I’m feeling good about what I did so far, and deps in my opinion is out of the alpha stage for sure.
So I think it can be safely used in other projects, and I’m still open for feedback!
As for plans, I have something I want to experiment with.
I’ve started outlining an interface for custom backend implementations.
Right now there are only two backends: Git and Luarocks, but if the community desires, I’ll extend deps in such a way that custom backends could be added via some sort of a plugin system.

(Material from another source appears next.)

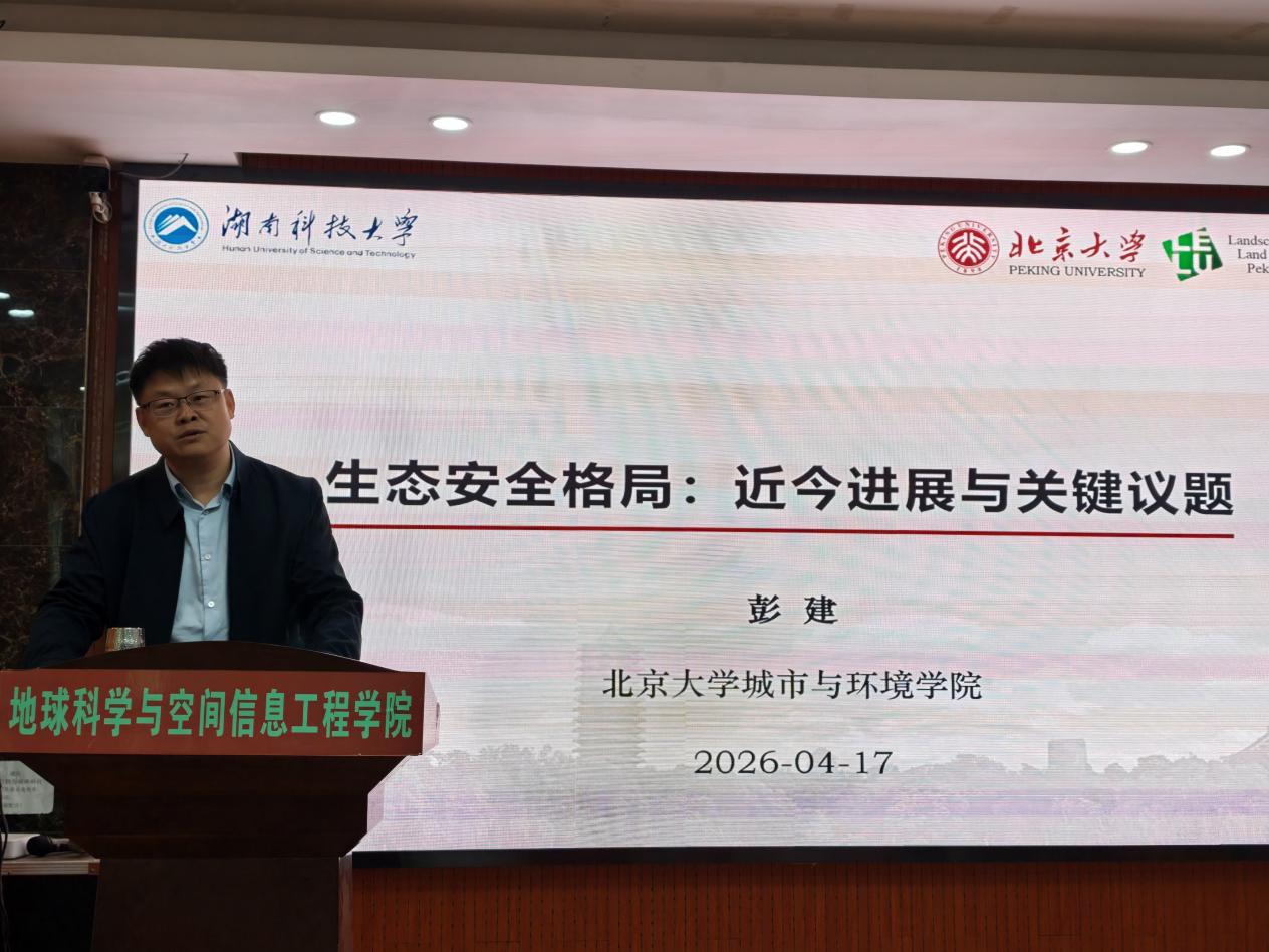 2026年4月17日下午,北京大学博雅特聘教授,教育部长江学者彭建教授应邀做客湖南科技大学“湘江高端学术论坛”,为师生带来题为《生态安全格局:近今进展与关键议题》的学术报告。报告由人人足球直播 院长朱永建主持,人人足球直播 党委书记余光辉、副院长唐志光、本科生院副院长王欣以及中青年教师和学生参加了本次讲座。

Thus other ways to download and add dependencies would be possible.
For example, recently I learned that some Lua libraries exist only in SVN.
There may be others that are only available through GNU Bazaar, the new hot Jujutsu VCS, or maybe some use Mercurial, I don’t know!
Additionally, I think it is safe to say, that using version control systems for libraries is not a great idea, so I might start working on a dependency packaging system for Fennel libraries that we could later upload to some package archive. Thinking of a name - Fennel Bulbs sounds fun!
Dependency building needs to be changed to be a bit more robust.
Right now I think it should work fine, but probably only on *nix-based systems.
Windows support for deps.fnl is there, but completely untested.
So if any Fennel users happen to do their stuff on Windows - let me know if it works, please!
That’s all for now. Huge thanks to Phil Hagelberg, Ambrose Bonnaire-Sergeant, and Emma B. for the feedback and code reviews!